Our group for this tour was pretty sweet. Everyone was stoked to do the activities and pretty outdoors oriented people. There was a Swiss-German girl that was in Australia to learn English, 2 British guys, and a crazy Austrailan guy that was pretty amusing. He was about 50 I would say, but acted like a six year old. He was obsessed with the plant life on the island, and would touch every plant we went by. He apparently used to work for an animal trainer and told us that kangaroos are really hard to train because they will never bond to people, and that they are like sheep in that they don't care at all about humans, even if you bottle feed them and raise them from birth. He was just sortof a goofy guy, and had random things to say at just about every time of the day. Our guide was an Australian named Hamish, and he was really cool. He drove us around in these mini-buses on mostly dirt roads, and we were always blasting some sort of music that would bring me back to jr. high school (crazytown anyone?) while driving through the island. He had a really diverse iPod for sure (Elton John, Michael Jackson, Kanye West...), we even listened to Chris Rock for awhile, it was awesome. The first night on the island he hit a wallaby, and we gave him a lot of shit for it the rest of the time.

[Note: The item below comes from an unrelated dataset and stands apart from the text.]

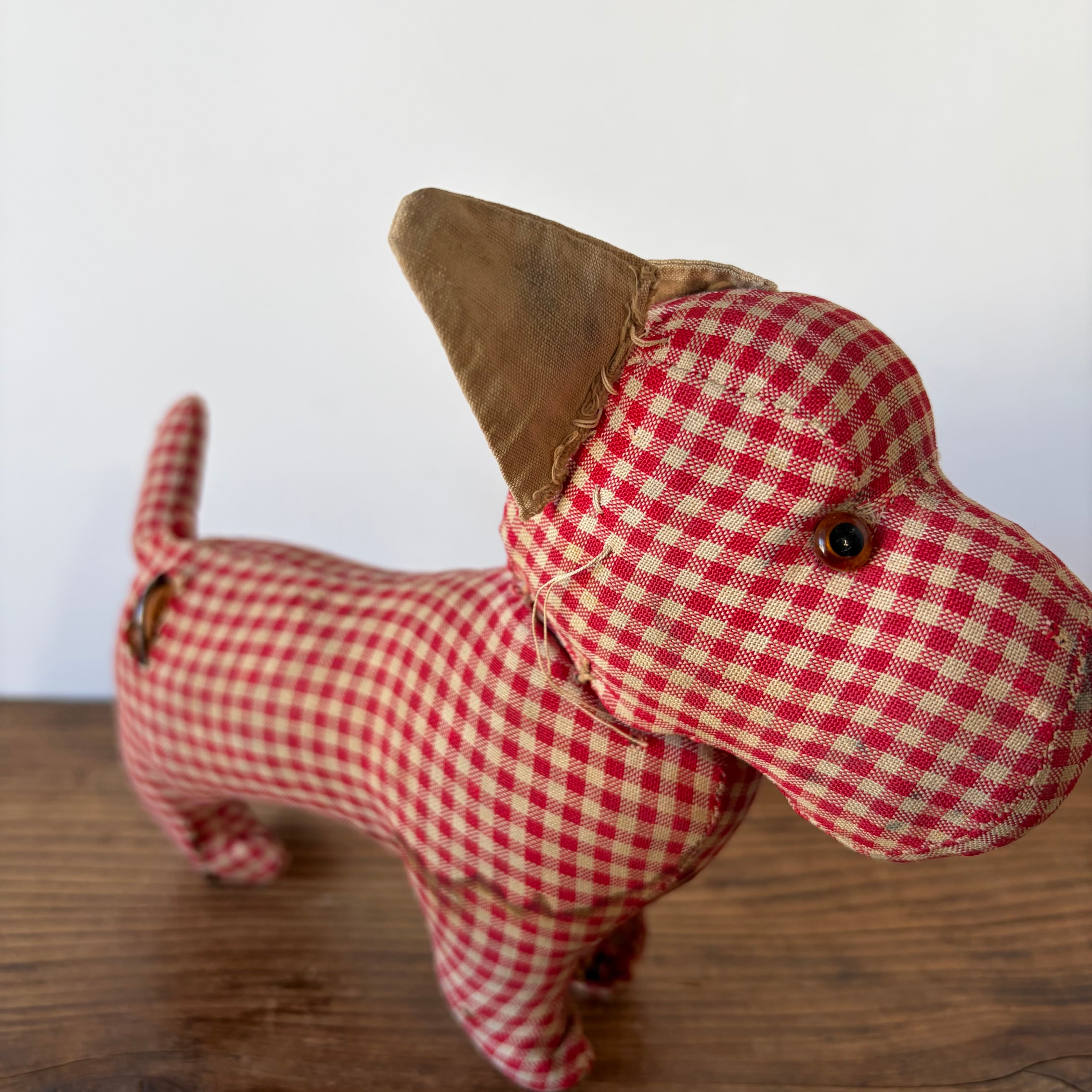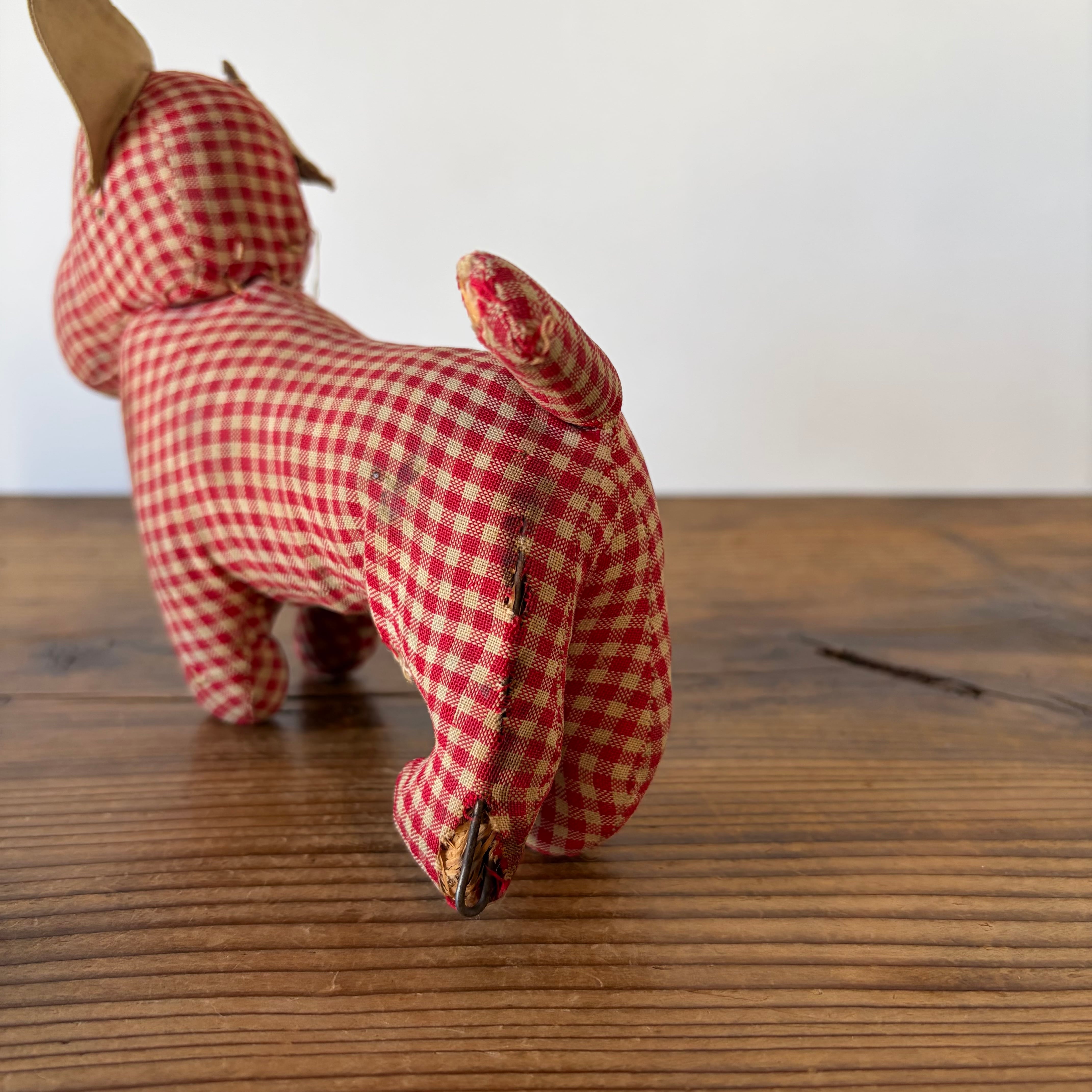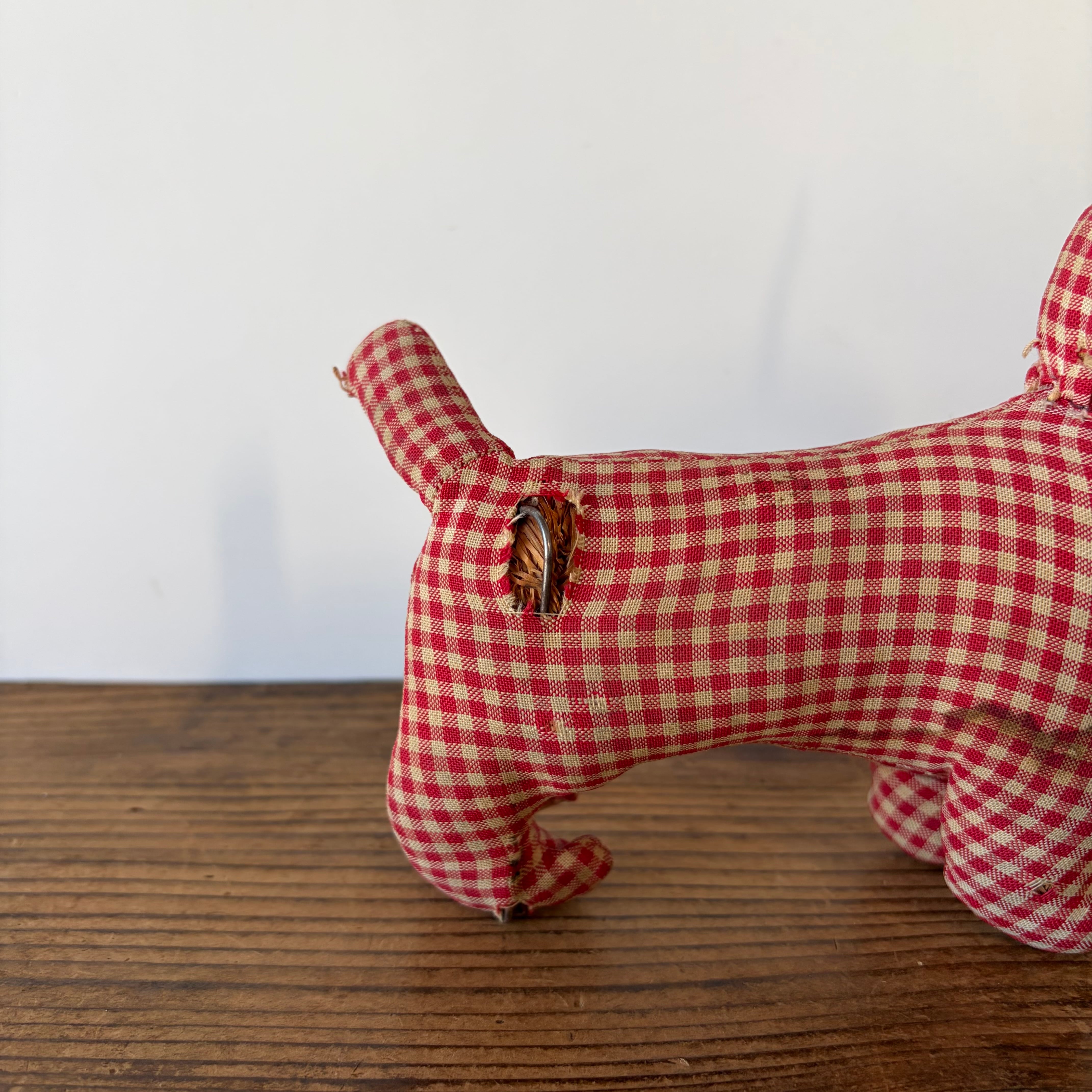 スウェーデンで見つけた、赤×生成りのギンガムチェック生地が印象的な犬のぬいぐるみ。

We got back into Adelaide at about 8PM on a Thursday, and I went running and Shannon told me I was crazy, and then we went out to a bar with her friend that lives in Adelaide. It was a fun night, we met some crazy people and had an adventure trying to find our way back to the hostel we were staying at. We chose really out of the way hostels, but at least the new one (Backpackers OZ) is normal and does not have any obviously mental people around.

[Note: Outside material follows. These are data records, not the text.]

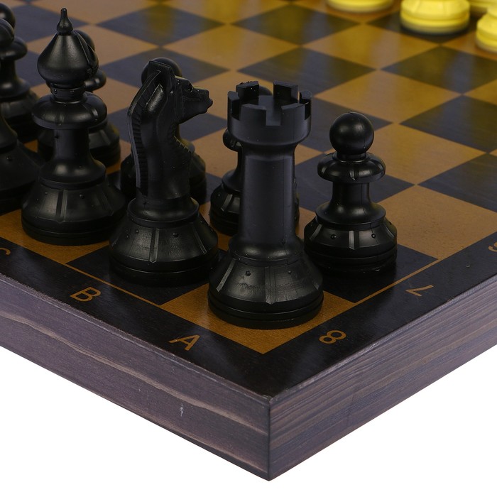 Настольная игра 4 в 1 "Черное золото": шашки, нарды, домино, шахматы (доска дерево 40х40 см)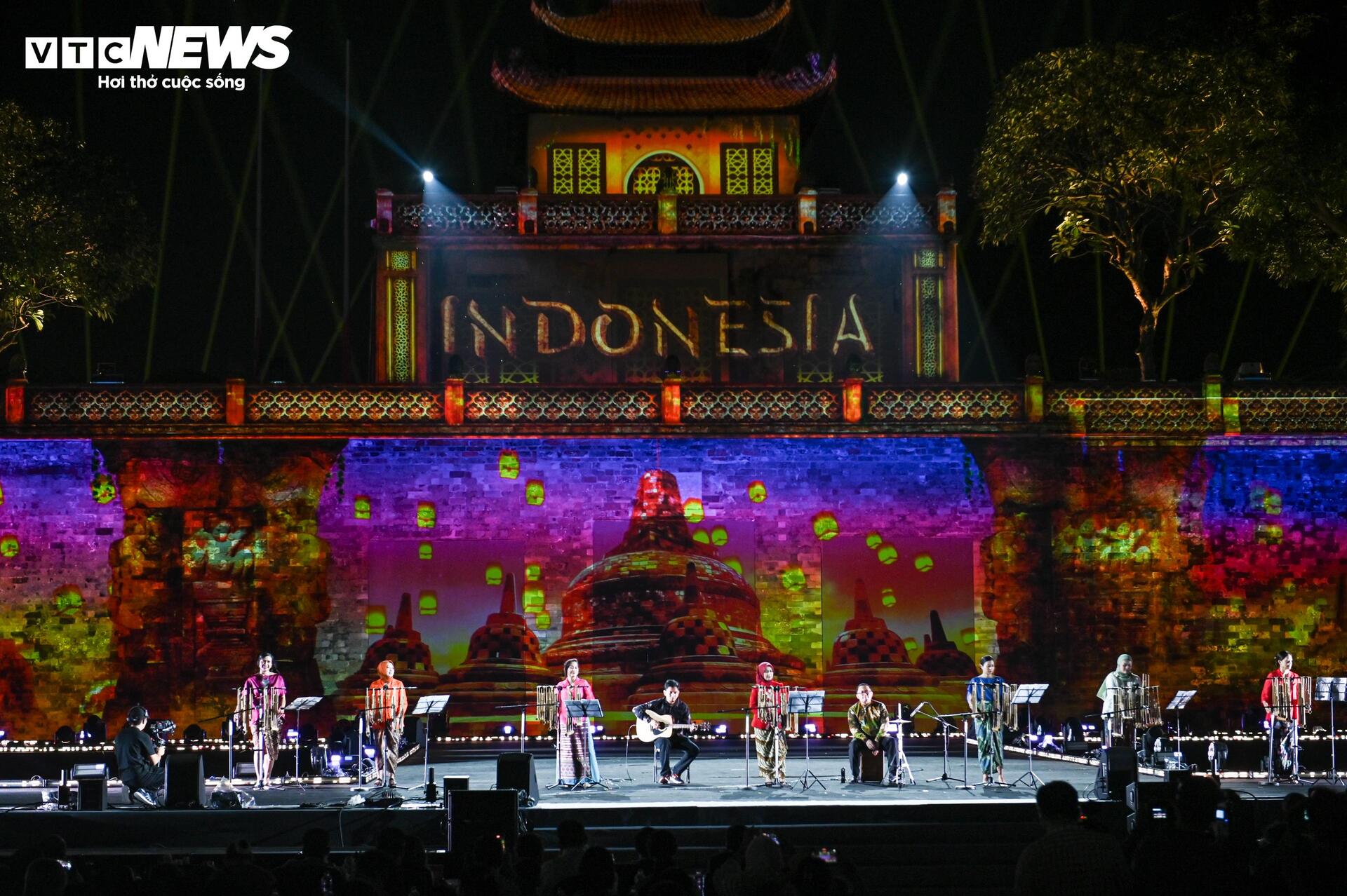 Đoàn nghệ thuật Indonesia mở màn cho chuỗi tiết mục quốc tế với bản nhạc "Hello Việt Nam" được thể hiện qua các nhạc cụ truyền thống.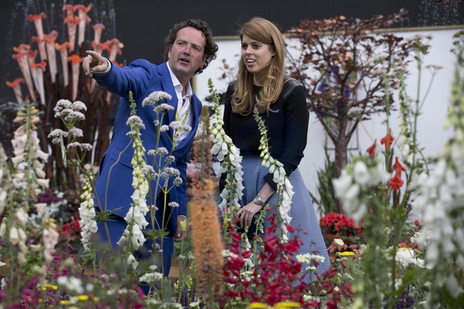 Ksiaze Andrzej z corkami Beatrice i Eugenie podczas Chelsea Flower Show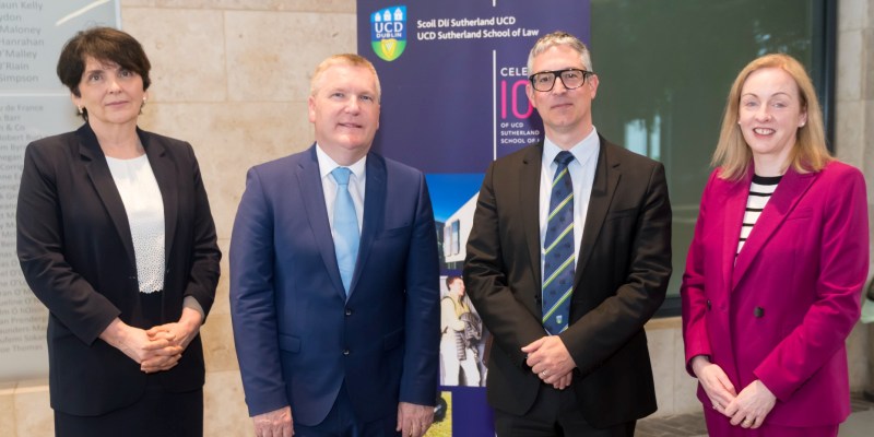 (L to R President of UCD, Prof Orla Feely, Commissioner Michael McGrath, Dean of Law, Prof Laurent Pech, Principal of the College of Social Sciences & Law, Prof Niamh Moore Cherry)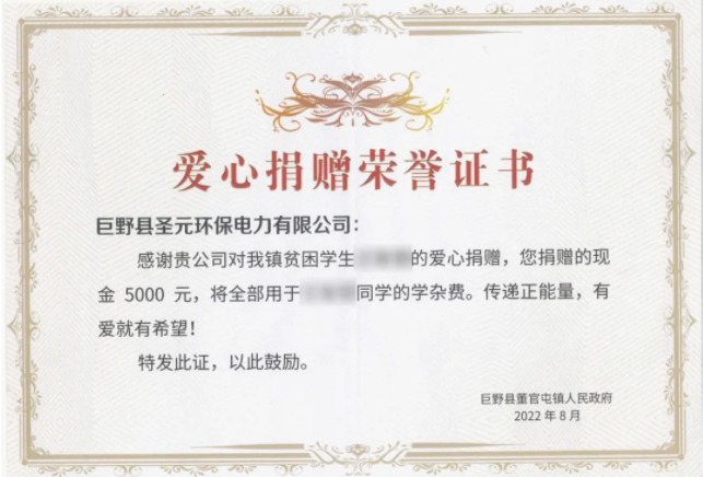 慈善公益事業是一項奉獻愛心、惠及民生的崇高事業,是社會文明進步的重要標誌。聖元環保及各所屬公司始終積極參與其中,從助學助教、節日慰問、春節送溫暖到抗疫救災、扶貧濟困等方麵多措並舉紮實推進,取得了良好的社會反響。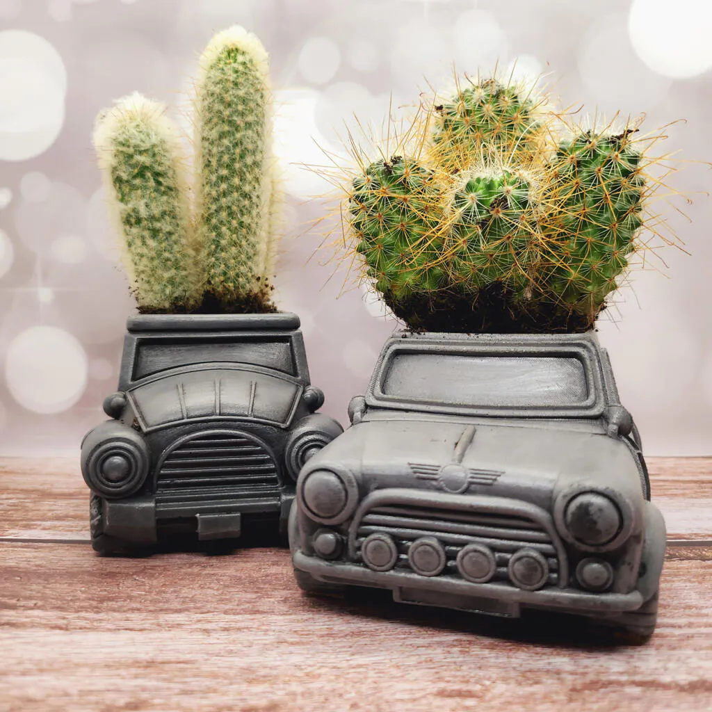 قالب سيليكون على شكل وعاء نبات سيارة بطراز قديم

Photos are: kangaroos hanging out in the parking lot at the visitor center, the hill with the awesome view and rocks outside of Adelaide, spooning sea lions, baby sea lion, Shannon and I sandboarding the little Sahara with turbans, baby New Zealand fur seals, and the kangaroo with a joey in her pouch that was begging for food at a picnic site.

1 comment:

Christina said...

HIT A WALLABY?!?!?! did it die? What a shitty driver!

I'm so jealous of your wild Australian animal bonding...I remember my time with those crazies. Have you been attacked by cockatoos yet?